YOUR TASK: Repeat every line of the data exactly; no picture belongs in the copy.
---- DATA EXTRACT
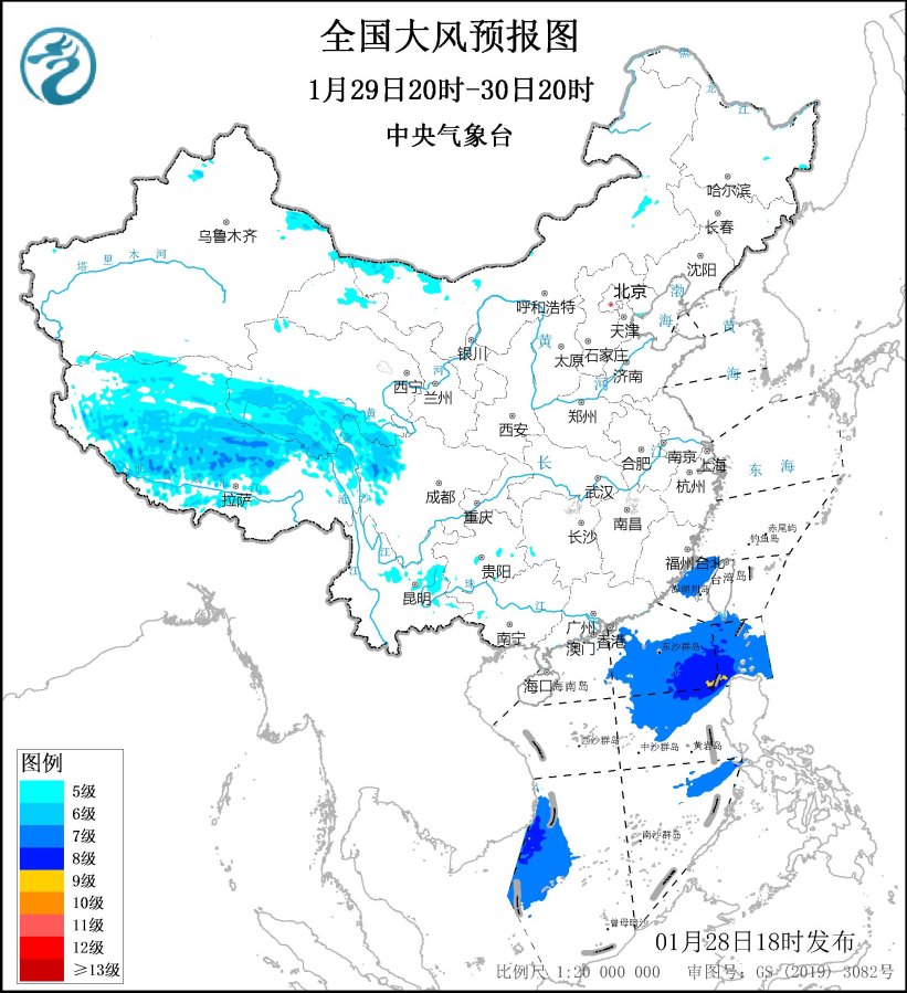 1月29日20時至30日20時,西藏將有6~8級、陣風8~11級的大風,青海南部、川西高原北部等地部分地區將有5~6級、陣風7~8級的大風;台灣海峽、巴士海峽、南海東部和西南部海域將有7~8級、陣風9級的東北風。
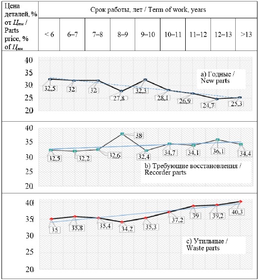 На рисунке 6 представлена информация о структуре деталей утилизированной сельскохозяйственной техники в процентах от стоимости машин при различных сроках их службы. Как видно из полученных результатов исследований, тренды изменения всех категорий деталей близки к линейному закону: тренд остаточной стоимости годных без ремонта деталей нисходящий, два других – восходящие.
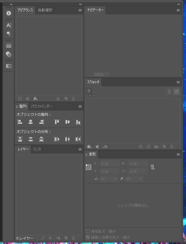 Illustratorを起動すると、フローティングパネル(スウォッチやレイヤーなどのパネル)がかならず閉じた状態になります。
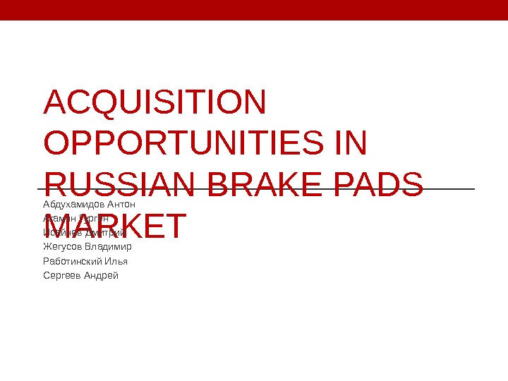 ACQUISITION OPPORTUNITIES IN RUSSIAN BRAKE PADS MARKETАбдухамидов Антон
--------
EXERCISE ANSWER:
 1月29日20時至30日20時,西藏將有6~8級、陣風8~11級的大風,青海南部、川西高原北部等地部分地區將有5~6級、陣風7~8級的大風;台灣海峽、巴士海峽、南海東部和西南部海域將有7~8級、陣風9級的東北風。
 На рисунке 6 представлена информация о структуре деталей утилизированной сельскохозяйственной техники в процентах от стоимости машин при различных сроках их службы. Как видно из полученных результатов исследований, тренды изменения всех категорий деталей близки к линейному закону: тренд остаточной стоимости годных без ремонта деталей нисходящий, два других – восходящие.
 Illustratorを起動すると、フローティングパネル(スウォッチやレイヤーなどのパネル)がかならず閉じた状態になります。
 ACQUISITION OPPORTUNITIES IN RUSSIAN BRAKE PADS MARKETАбдухамидов Антон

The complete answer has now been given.